Что бы мы сделали, если бы вдруг освободились от оков прошлого? Только сегодня я разговаривал с пациенткой – слезы и бессонница были ее ответом на необходимость переступить через себя и нарушить данное другому человеку слово. А дело в том, что не сама ситуация была причиной ее реакции, но четкие воспоминания детства, когда дурное мнение другого казалось чем-то не просто ужасным, но даже смертельным. Не удивительно, что она лишилась сна. Другая моя пациентка, психотерапевт в супервизии, казнила себя за гнев по отношению к умирающему родителю. Этот гнев вызывал в ней чувства вины и неопределенности, которые прокрадывались и в ее работу с пациентами. Пробыв долгое время в зараженной зоне, человек начинает носить заразу внутри себя. Единственный выход – вытащить ее в сферу сознания и вступить с ней в борьбу. В случае с моей пациенткой-коллегой можно говорить о необходимости развития сострадания, но без инфантильной потребности в одобрении. Такое одобрение, увы, так и не было получено, и поэтому навязчивый призрак потребности в нем приобрел огромную силу. И можно сказать, что эта женщина тоже поклоняется богу, в которого не верит.

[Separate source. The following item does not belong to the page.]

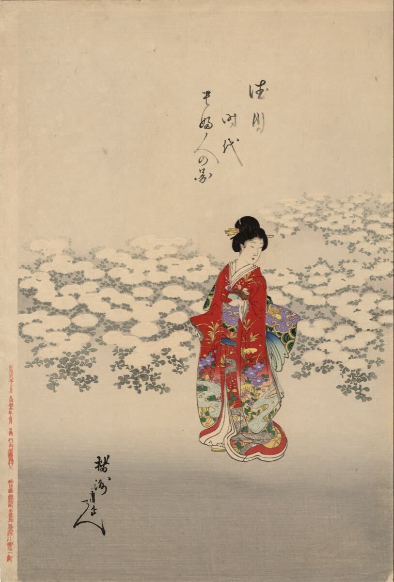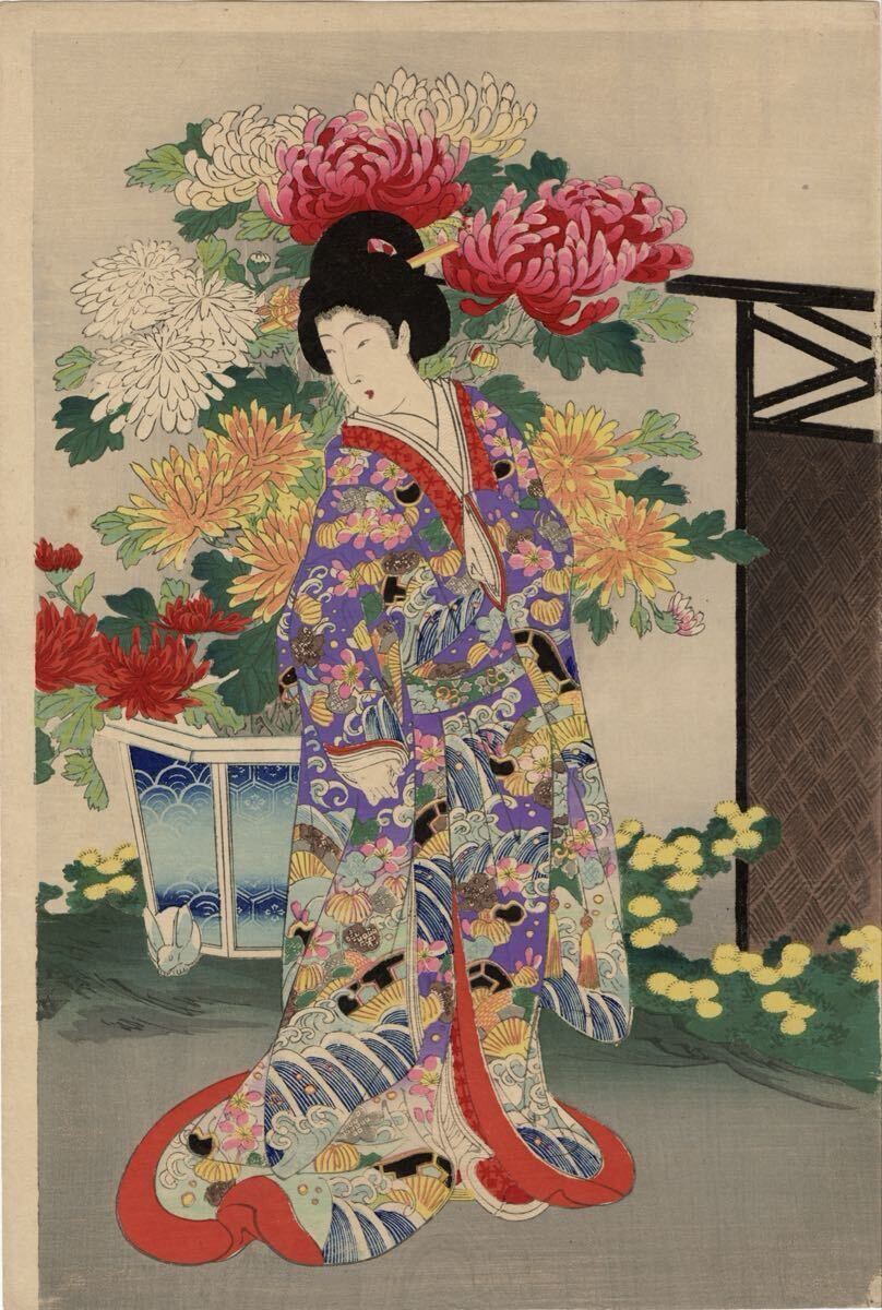 〇商品説明〇 明治28年 1895刊行 楊洲周延筆 「徳川時代貴婦人の図・観菊」です。 寸法:約25cm x37cm x3枚 状態良好です。 状態は画像にてご確認ください。

Что касается Кафки, его деструктивное смятение было порождено нерассказанными историями и нездоровыми личными проблемами его отца. Каким образом непрожитая жизнь, сила самопрезрения отца стала призрачной навязчивостью в жизни сына и поглотила ее? Как можно было бы избежать этого, помочь ребенку спастись от этих миазмов психической жизни и начать нормальную жизнь? Но суждена ли была Францу Кафке нормальная жизнь, ему, рожденному в доме с привидениями, где господствовал его отец, которого мучили его собственные призраки, заставляющие его мучить собственного сына? Именно поэтому Юнг однажды заметил, что тяжелейшее бремя ребенка – непрожитая жизнь родителей. И там, где застрял родитель, суждено застрять и ребенку, который потратит всю жизнь, вырываясь из этого пагубного болота, разрабатывая план спасения от психических ужасов застывшего прошлого[10].
Так какова же «реальная» история нашей жизни? Или все они реальны, или нереальны, лишь приходят и уходят? Одни истории мы рассказываем самим себе, другие оставляем для других. И некоторые из них даже бывают правдивыми. Но есть истории, вплетенные в нашу повседневную жизнь настолько, что мы зачастую или вообще никогда их не осознаем. Какие истории состоят из наших рационализаций, защитных механизмов, в какие из них мы вляпываемся, как мухи в липкую ленту?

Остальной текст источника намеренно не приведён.